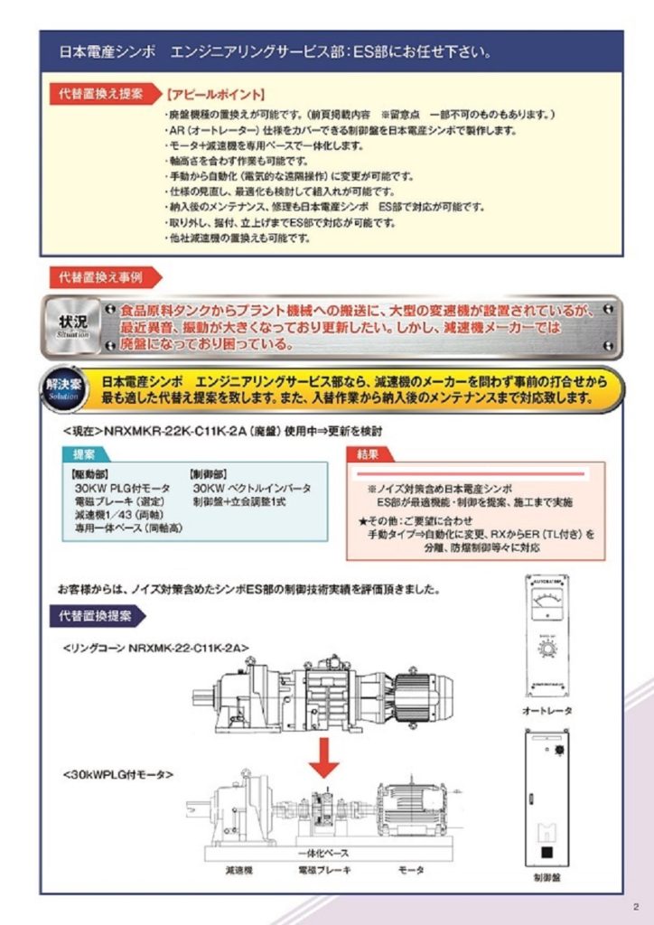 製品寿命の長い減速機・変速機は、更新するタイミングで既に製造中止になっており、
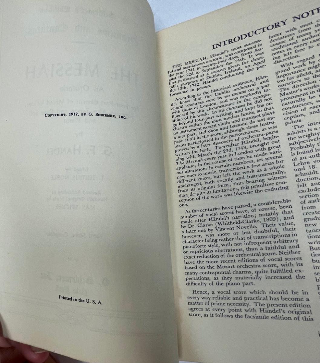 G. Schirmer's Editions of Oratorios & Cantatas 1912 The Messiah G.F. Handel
* * *
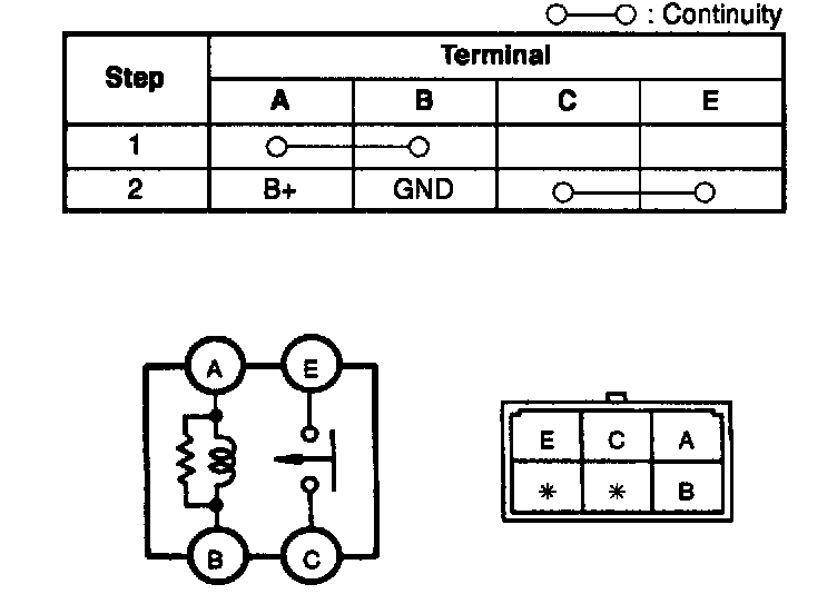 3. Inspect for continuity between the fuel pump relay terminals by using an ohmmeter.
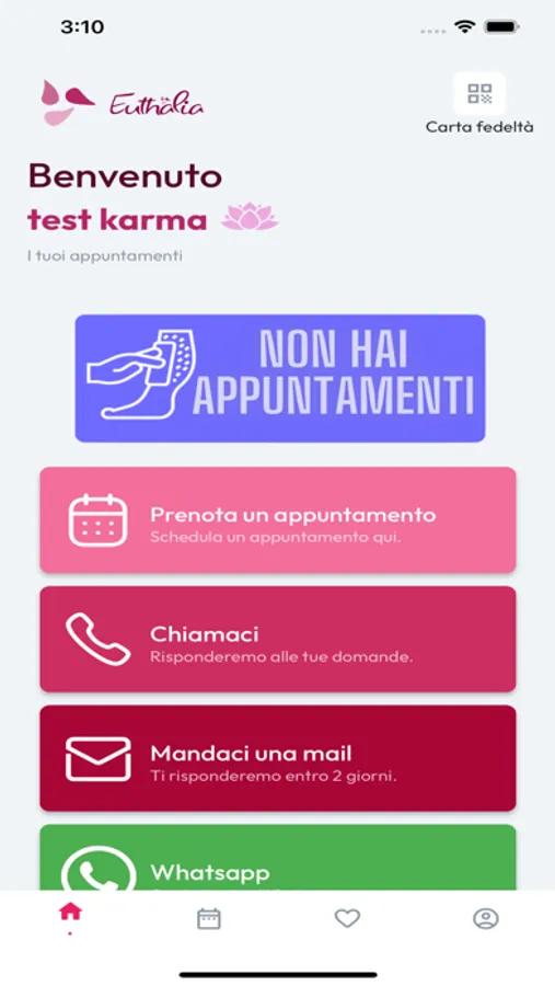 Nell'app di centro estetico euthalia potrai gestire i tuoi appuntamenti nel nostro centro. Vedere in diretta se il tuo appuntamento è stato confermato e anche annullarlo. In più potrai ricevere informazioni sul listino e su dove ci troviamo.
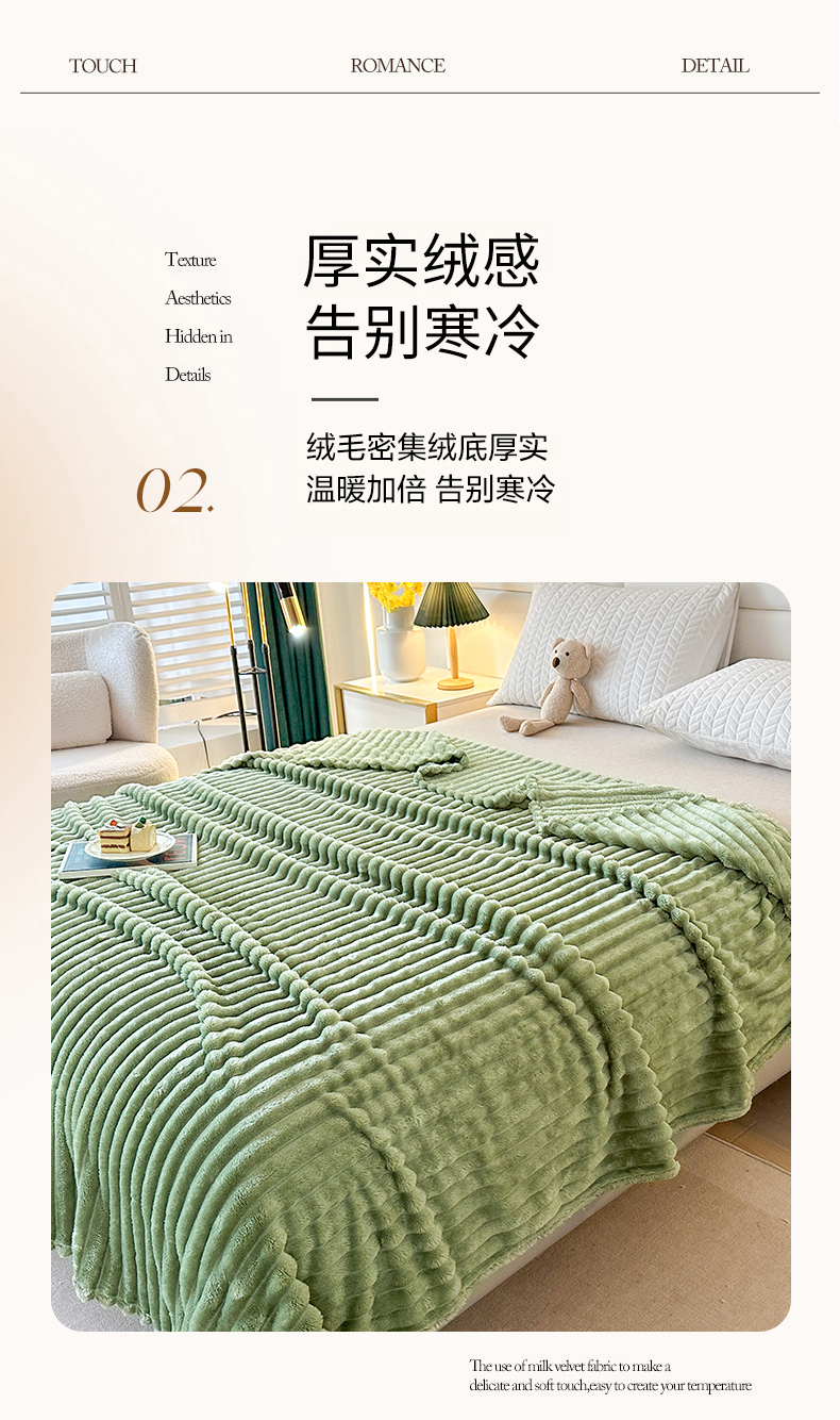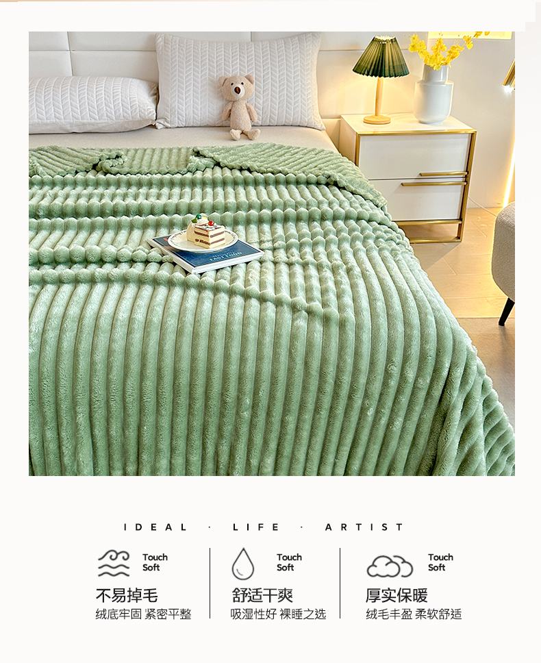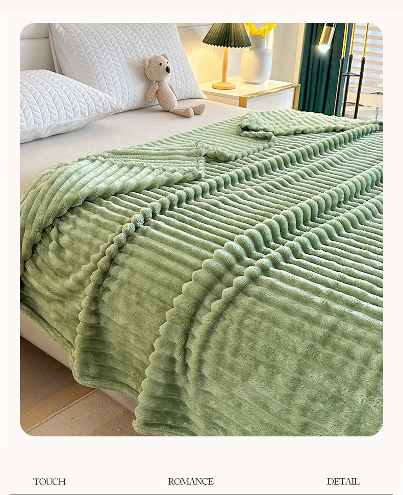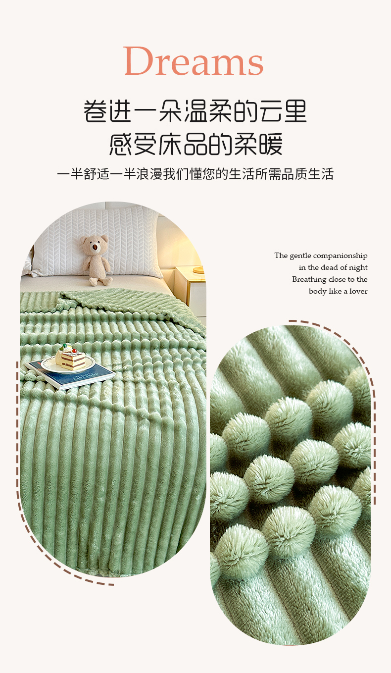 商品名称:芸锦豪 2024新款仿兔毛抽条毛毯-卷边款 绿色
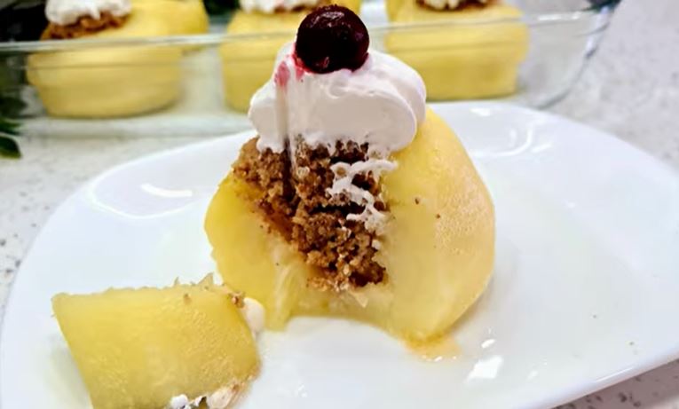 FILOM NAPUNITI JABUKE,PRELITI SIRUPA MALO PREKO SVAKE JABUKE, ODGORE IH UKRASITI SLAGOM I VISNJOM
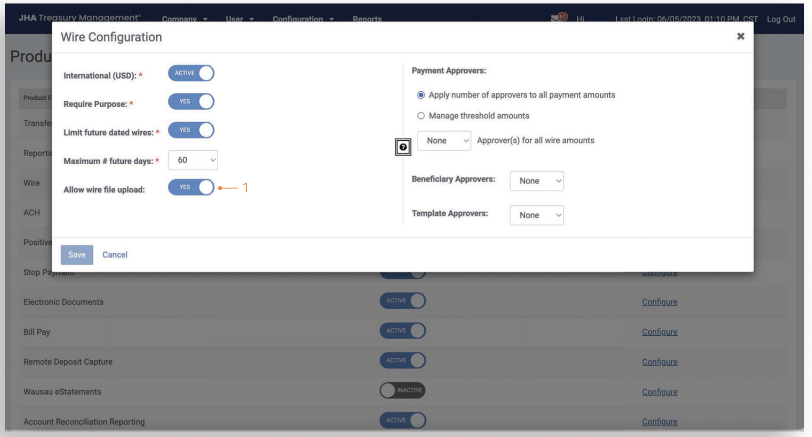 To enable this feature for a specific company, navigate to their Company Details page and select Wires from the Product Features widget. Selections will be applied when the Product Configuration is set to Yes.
---
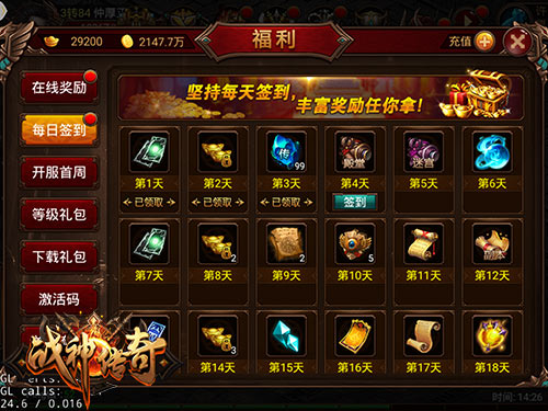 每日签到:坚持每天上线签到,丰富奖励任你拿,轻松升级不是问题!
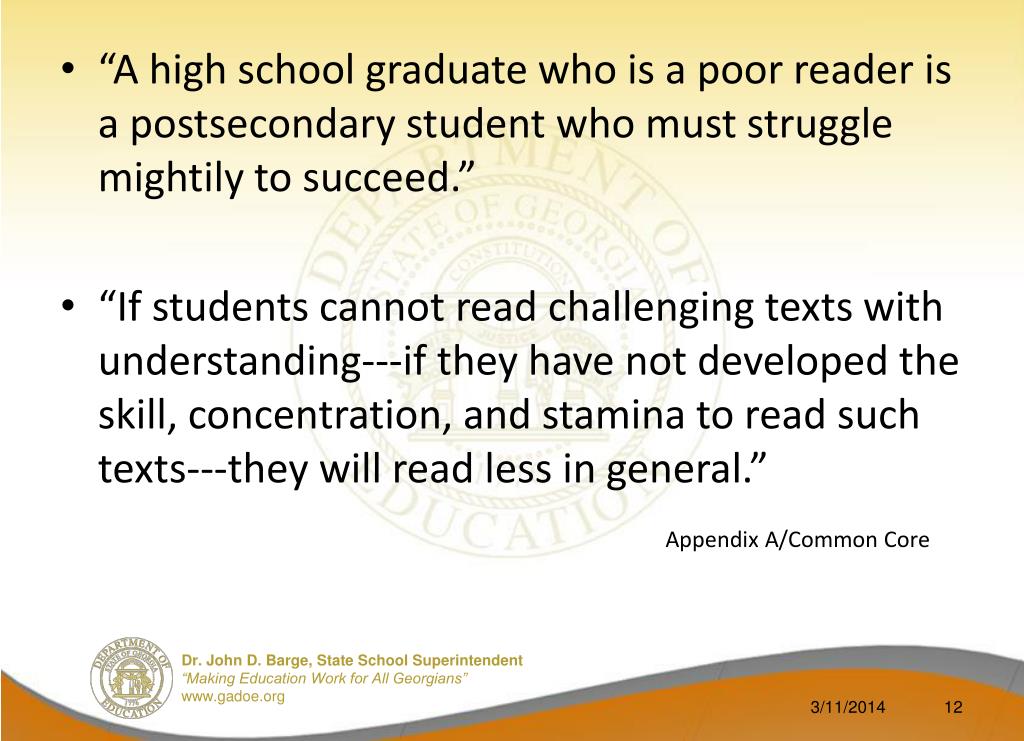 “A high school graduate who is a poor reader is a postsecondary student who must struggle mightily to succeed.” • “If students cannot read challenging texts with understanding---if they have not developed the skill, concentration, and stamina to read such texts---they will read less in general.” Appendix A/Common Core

Exercise objective
Working from the data above, repeat exactly, and only, the lines that begin at the line containing "商品名称:芸锦豪 2024新款仿兔毛抽条毛毯-卷边款 绿色" and stop after the line containing "To enable this"; pictures are not copied.

Answer below
 商品名称:芸锦豪 2024新款仿兔毛抽条毛毯-卷边款 绿色
 FILOM NAPUNITI JABUKE,PRELITI SIRUPA MALO PREKO SVAKE JABUKE, ODGORE IH UKRASITI SLAGOM I VISNJOM
 To enable this feature for a specific company, navigate to their Company Details page and select Wires from the Product Features widget. Selections will be applied when the Product Configuration is set to Yes.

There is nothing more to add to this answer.